Il y a des raisons à cela. Le conflit iranien ne montre aucun signe de résolution, et une nouvelle escalade pourrait propulser les prix du gaz et du pétrole nettement plus haut. Les chaînes d'approvisionnement qui se sont déjà ajustées au choc initial pourraient faire face à de nouvelles perturbations. Et la résilience de la zone euro, que le conseil invoque pour justifier une hausse unique, pourrait tout autant être avancée comme la preuve que l'économie peut en supporter davantage.
L'argument opposé du conseil est que la politique monétaire agit avec des délais longs et variables. L'impact complet de la hausse de juin ne s'est pas encore fait sentir. Ajouter un second quart de point en septembre signifie que le resserrement cumulé de ces deux mouvements continuera de se répercuter sur l'économie jusqu'en 2027. S'engager sur de nouvelles hausses avant que ces effets ne soient visibles serait prématuré.
Ce que les données montreront avant septembre
Deux séries de données arriveront avant la réunion du conseil. Les chiffres de l'inflation d'août sont attendus la semaine prochaine, et ils fourniront la lecture la plus à jour sur la question de savoir si les pressions sur les prix de l'énergie s'étendent à d'autres catégories. Les services de la BCE présenteront également des projections économiques actualisées lors de la réunion de septembre, intégrant de nouvelles hypothèses sur la trajectoire du conflit et son impact sur la croissance et les prix.
Ces projections ont du poids. Les prévisions de juin supposaient déjà une hausse en septembre, les services devront donc montrer si le scénario de référence s'est suffisamment dégradé pour justifier un resserrement supplémentaire au-delà. Si les données d'août montrent un recul de l'inflation vers l'objectif, la justification d'une hausse unique se renforce. Si elles révèlent une accélération des mesures sous-jacentes, les faucons au sein du conseil auront des arguments pour faire valoir une posture plus agressive.
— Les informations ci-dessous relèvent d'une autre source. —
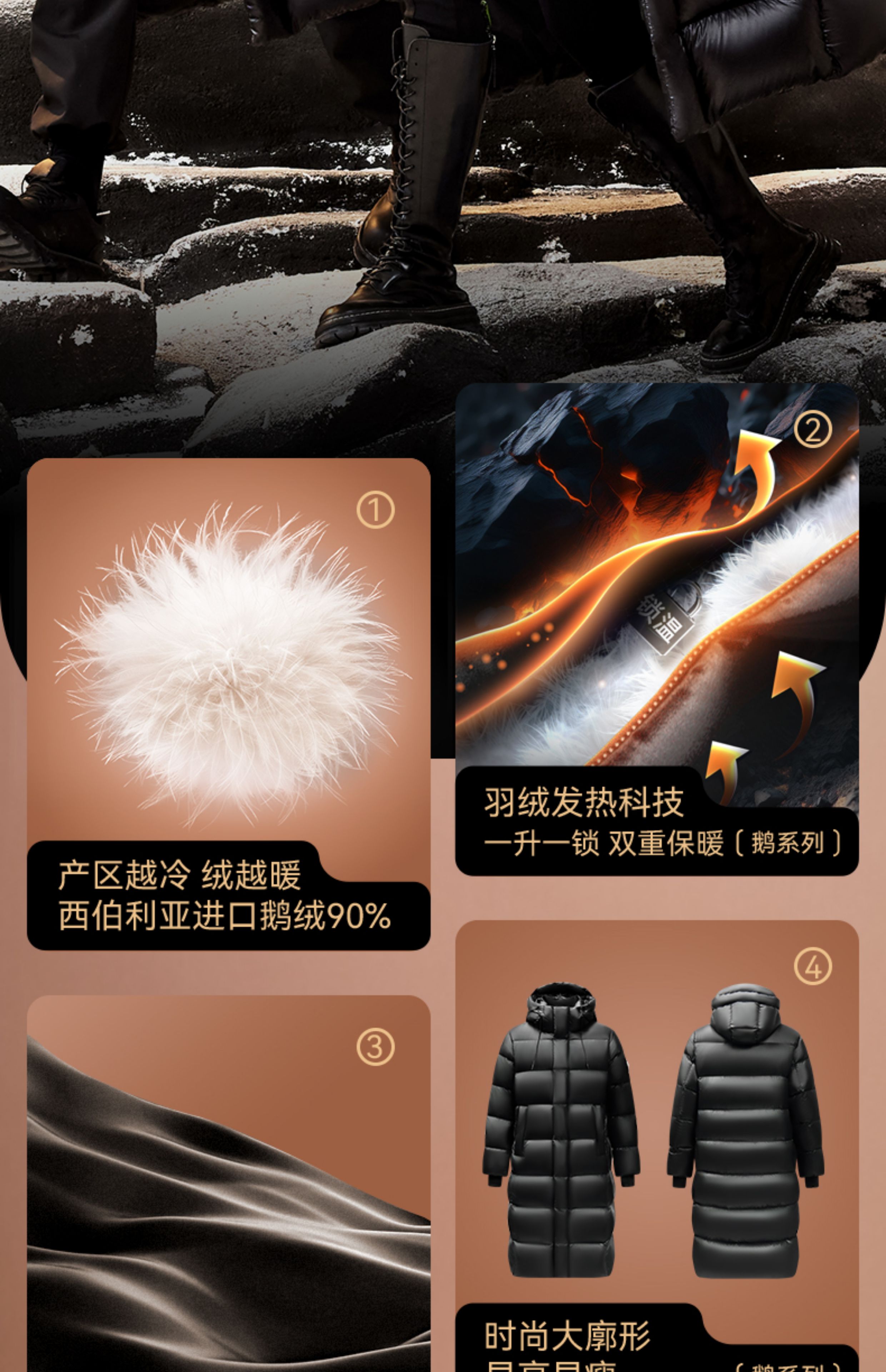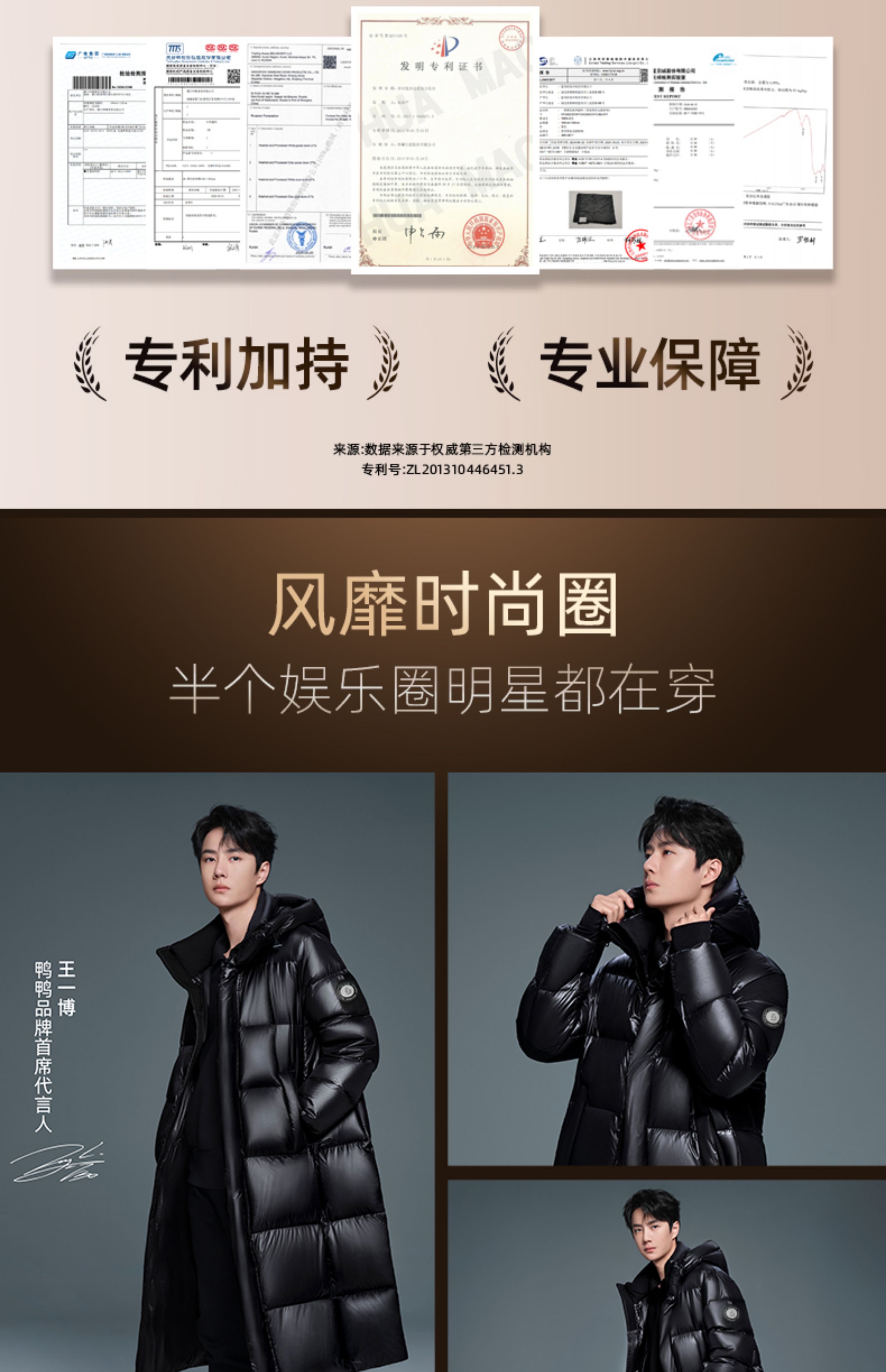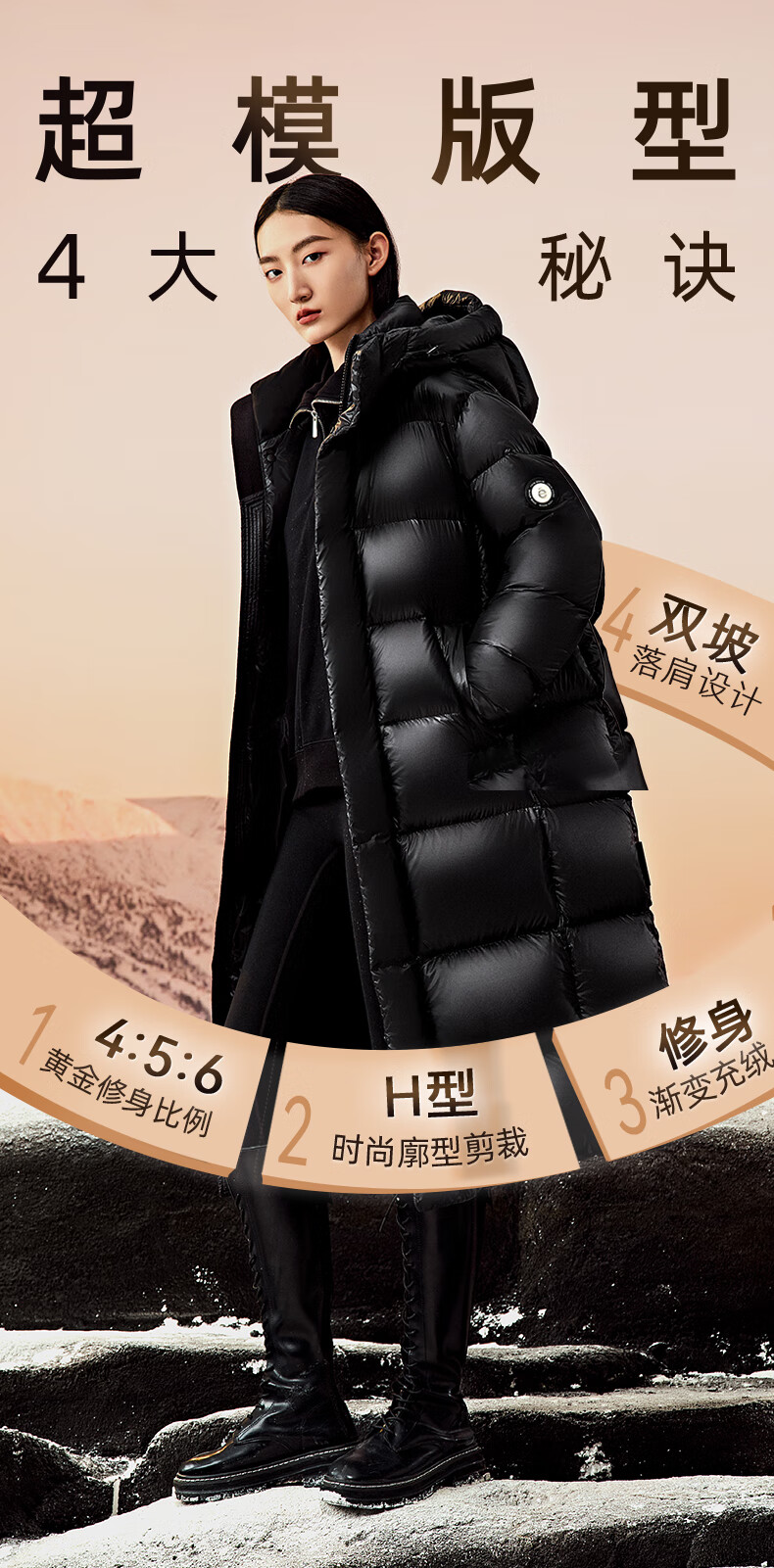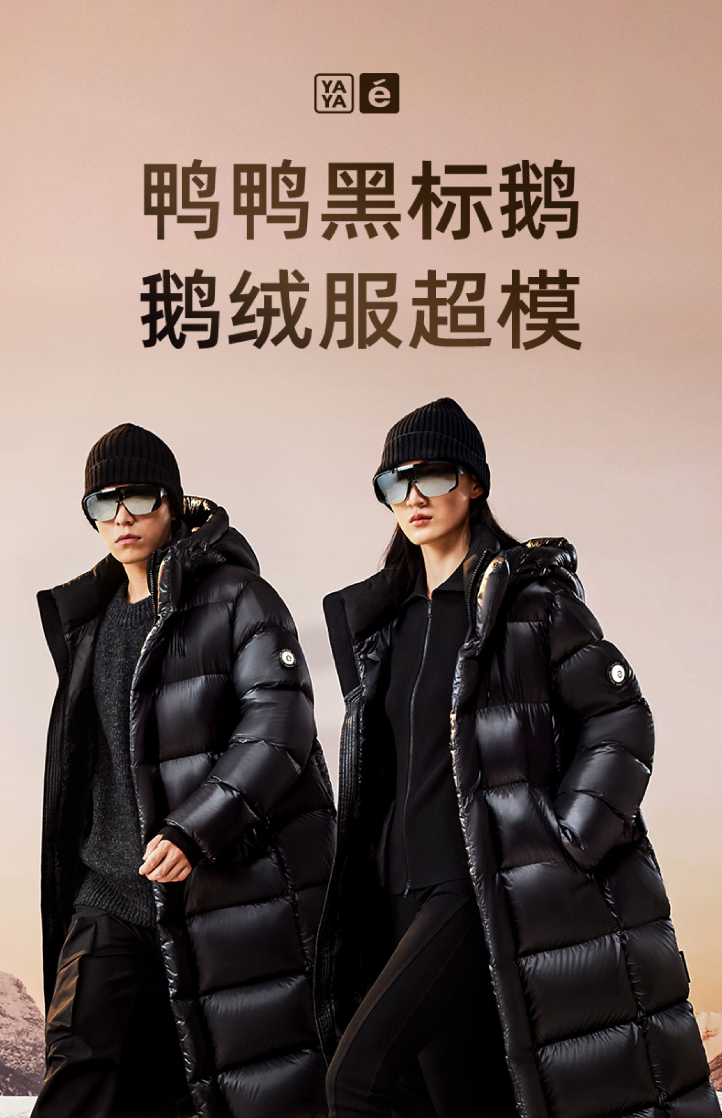 鸭鸭(YAYA)王一博黑标鹅系列鹅绒羽绒服男女冬季新款过膝长款极寒加厚外套 黑色 (西伯利亚鹅绒) S /165【鹅绒充323克】

Les sources ont mis en garde contre le fait que la situation restait évolutive. Le conflit iranien pourrait s'apaiser, faisant baisser les prix de l'énergie sans nécessiter d'action supplémentaire de la banque centrale. Il pourrait également s'intensifier, obligeant à une réévaluation. Le conseil a délibérément laissé ses options ouvertes au-delà de septembre, et l'absence de guidance est en soi un signal : une étape à la fois, à données dépendantes, sans engagement préalable.
La route qui se rétrécit
Pour l'heure, la position du conseil est claire : une nouvelle hausse en septembre, puis une pause. La logique veut que le choc énergétique, bien que sérieux, ne justifie pas encore le type de resserrement soutenu qu'a exigé l'épisode russe. Les anticipations d'inflation sont ancrées. L'économie est en croissance. La hausse de juin n'a pas encore été pleinement absorbée.
Mais cette logique repose sur des hypothèses qui pourraient ne pas se vérifier. Si les prix du gaz s'envolent à nouveau, ou si le conflit perturbe les voies maritimes et les chaînes d'approvisionnement industrielles, le calcul change. Le conseil le sait, c'est pourquoi il a refusé de s'engager à l'avance sur une trajectoire de taux au-delà de septembre. Les prochaines semaines de données, à commencer par la publication de l'inflation d'août par Eurostat, détermineront si l'approche en une seule étape tient la route ou si Francfort est contrainte de revenir au type de cycle de resserrement prolongé qu'elle espérait éviter.
La réunion de septembre révélera également si le consensus interne du Conseil des gouverneurs tient. Les faucons sont restés relativement discrets depuis juin, satisfaits que la direction prise soit celle d'une politique plus stricte. Les colombes ont accepté la nécessité de répondre à l'inflation tirée par l'énergie. Cet alignement pourrait se briser si les données surprennent dans un sens comme dans l'autre.